§ **PROVIDED ENTRIES**

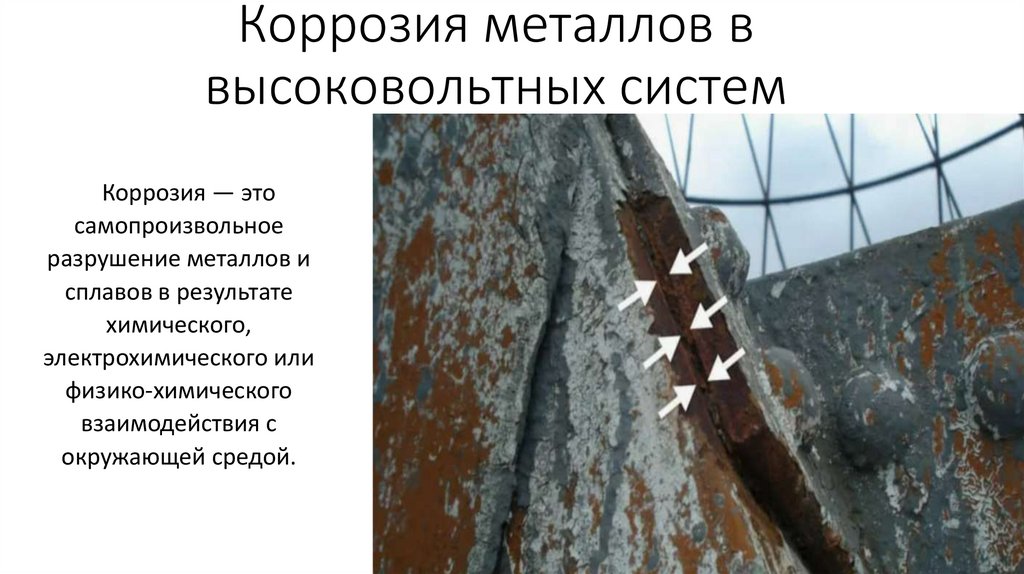 • Если брать опоры ЛЭП, то коррозия металлических конструкций- металлических опор; металлических траверси т.д.- наносят прямой ущерб, связанный с потерей металла, и вызывает снижение несущей способности опор и
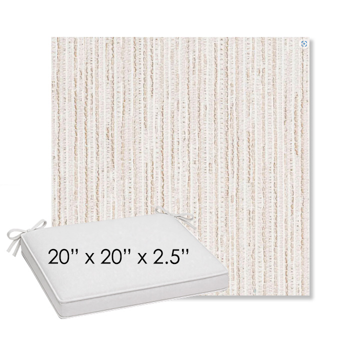 20" x 20" x 2.5" Thick outdoor dining chair seat cushion designed for a simple, ready-to-order fit. Features a boxed construction with piping, fabric ties, and zipper opening. Made in 700+ Sunbrella® fabrics for long-lasting outdoor performance.
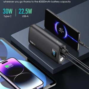 Portable-Charger-Power-Bank – 40000mAh Power Bank PD 30W and QC 4.0 Quick Charging Built-in Bright flashlight LED Display 2 USB 1Type-C Output for Most Electronic Devices on The Market(Carbon Black)
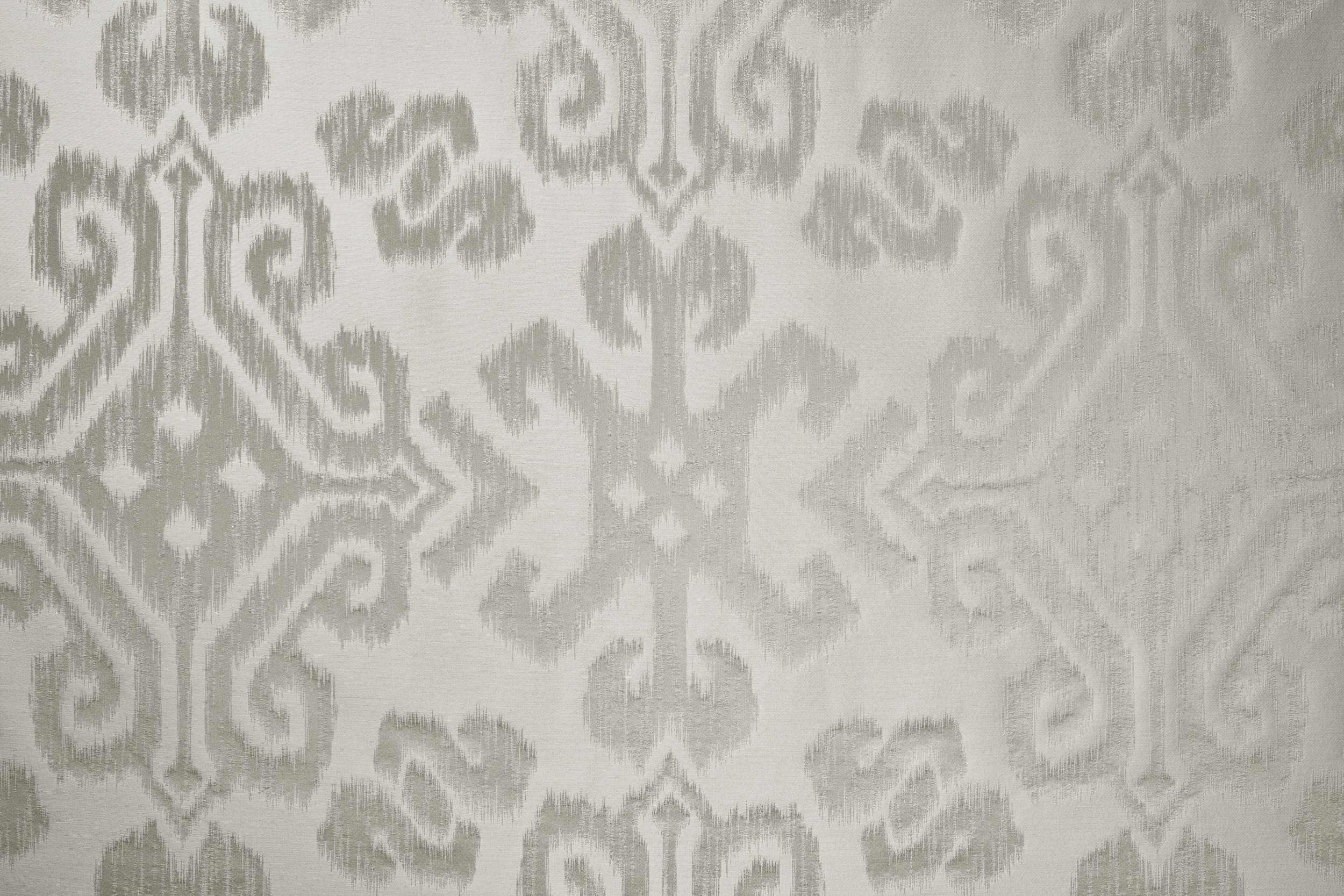 Sogdia von Fischbacher 1819 ist ein Vorhangstoff mit einem reichhaltigen, ornamentalen Damastmuster, das in Ikat-Technik interpretiert wurde. Die Jacquard-Webart erzeugt ein subtiles Spiel von matten und glänzenden Bereichen und verleiht der Oberfläche in jedem Licht eine tiefe und lebendige Ausstrahlung. Der Stoff ist in 10 Farben erhältlich, von dezenten Naturtönen bis hin zu kräftigen und ausdrucksstarken Farben. Dieser Jacquardstoff ist ideal für klassische und moderne Interieurs, in denen Textur, Farbtiefe und eine edle Optik im Vordergrund stehen.
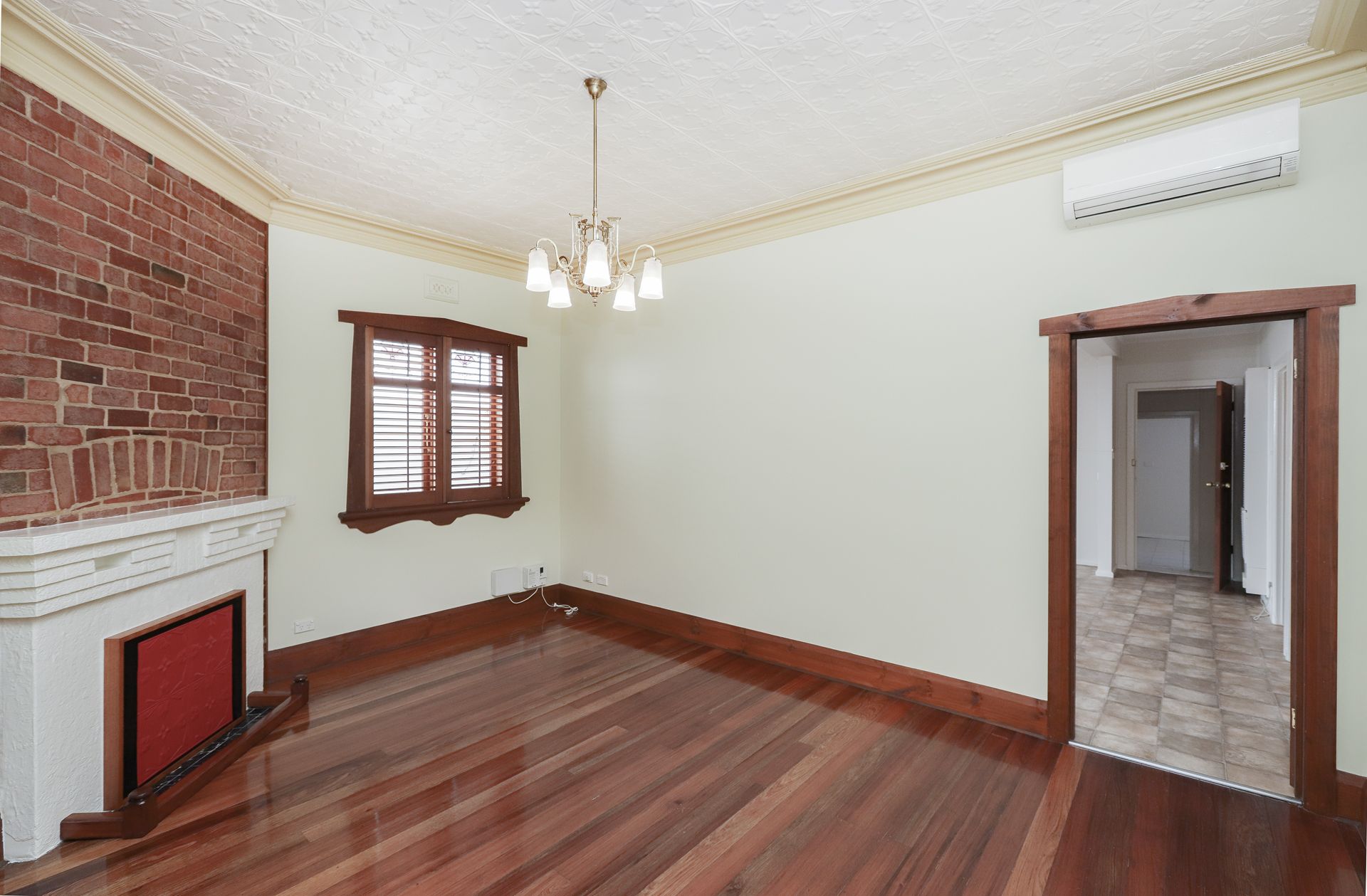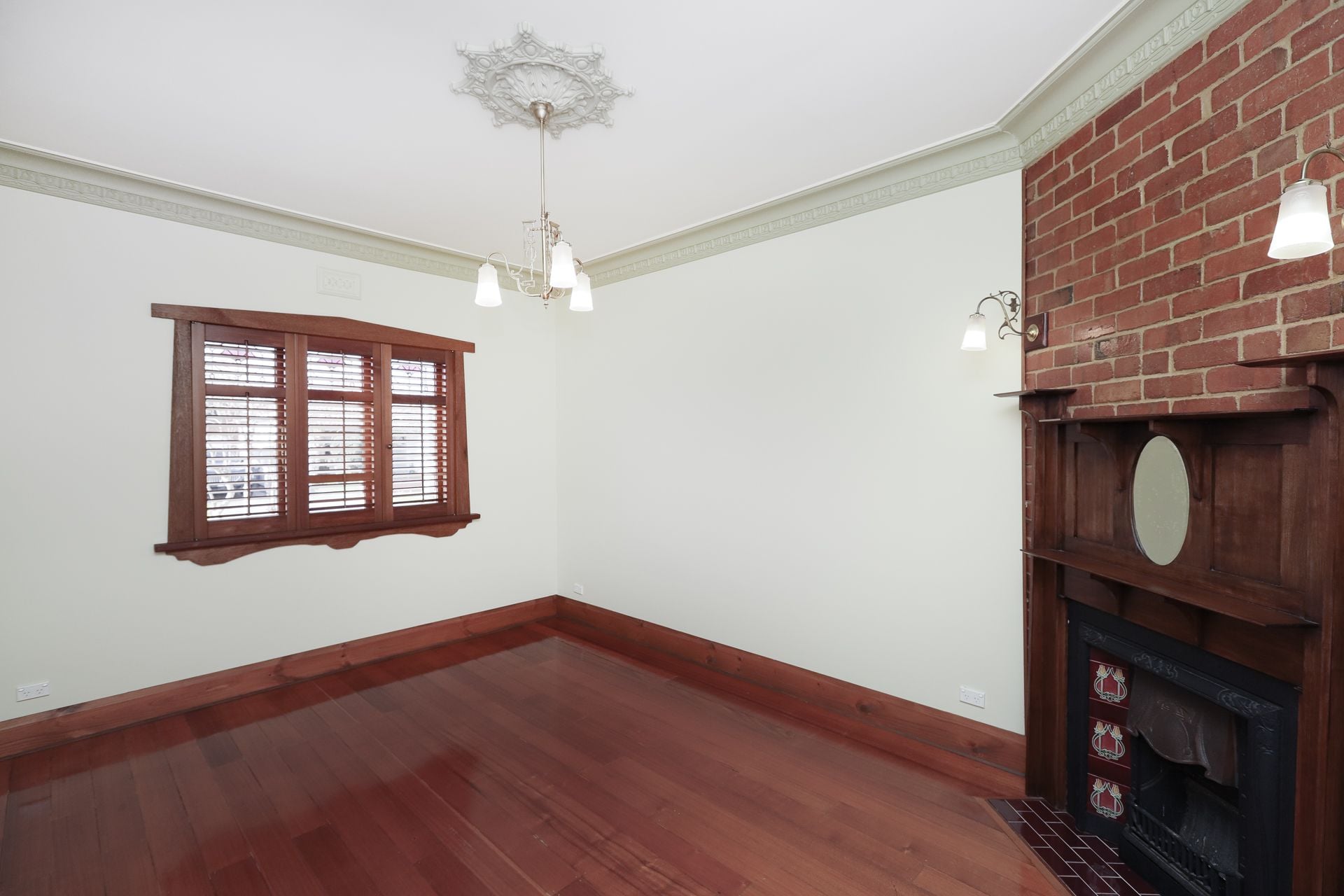 * Polished floorboards, pressed metal ceilings, period light fittings, decorative open fireplace and plantation shutters

§ **WHAT YOU NEED TO DO**
Give back exactly the lines from the top of the records to the line containing "Portable-Charger-Power-Bank – 40000mAh", both included, and no pictures.

§ **RESPONSE**
 • Если брать опоры ЛЭП, то коррозия металлических конструкций- металлических опор; металлических траверси т.д.- наносят прямой ущерб, связанный с потерей металла, и вызывает снижение несущей способности опор и
 20" x 20" x 2.5" Thick outdoor dining chair seat cushion designed for a simple, ready-to-order fit. Features a boxed construction with piping, fabric ties, and zipper opening. Made in 700+ Sunbrella® fabrics for long-lasting outdoor performance.
 Portable-Charger-Power-Bank – 40000mAh Power Bank PD 30W and QC 4.0 Quick Charging Built-in Bright flashlight LED Display 2 USB 1Type-C Output for Most Electronic Devices on The Market(Carbon Black)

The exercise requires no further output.